In fact, many “freedom fighters” aren’t even Syrian. They’re Jihadists from anywhere and everywhere. Mercenaries. “Death-to-America” types. Barbarians and thugs who rape local women and girls at the first opportunity, then sell them in open markets.
Trump, on the other hand, has always been among those who suspect the establishment’s motives and look out in solidarity for the people on the ground who stand to lose the most in America’s clumsy chess moves and gambles.
Trump’s running mate, likewise, is already raising the alarm about the threats posed to Syrian Christians in post-Assad Syria:
It’s a legitimate concern, and one that Trump already understood before J.D. Vance left graduate school. As Trump wrote in 2013: “Remember, all these ‘freedom fighters’ in Syria want to fly planes into our buildings.”

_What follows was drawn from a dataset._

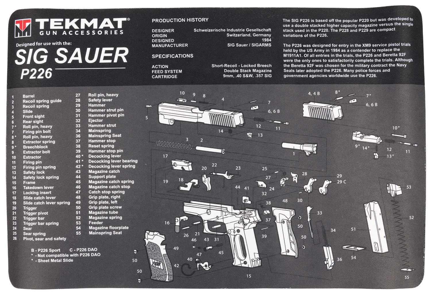 Be the first to review “TekMat TEKR17SIGP226 Sig Sauer P226 Cleaning Mat Gray/White Rubber 11″x17″ Sig P226 Parts Diagram” Cancel reply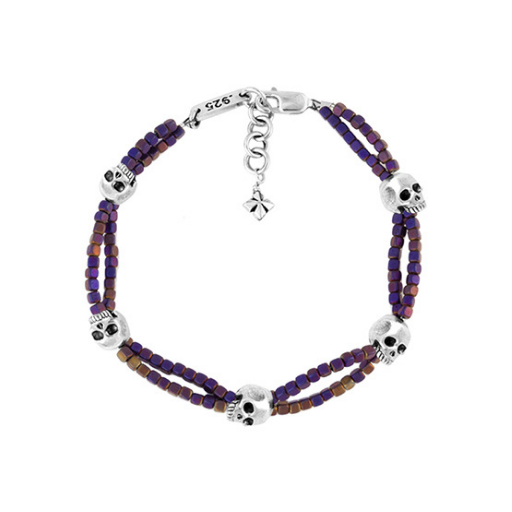 Purple Square Hematite Double Strand Bracelet with Skulls

But now, high off the fumes of their regime-change coup in Syria, the deep state is relishing the opportunity to perform another shift—this one in the U.S., and, if it were possible, even among the Trump team as he prepares to finalize his cabinet and its positions ahead of the January 20 inauguration.
Guys like Lindsey Graham can hardly contain themselves.
Trump has a tall order ahead of him: put the Lindsey Grahams in their place, both within Washington, D.C., and in the various stations with influence over the fate of the Middle East.
But Trump’s victory just over a month ago provides all the political and moral will needed to take action now.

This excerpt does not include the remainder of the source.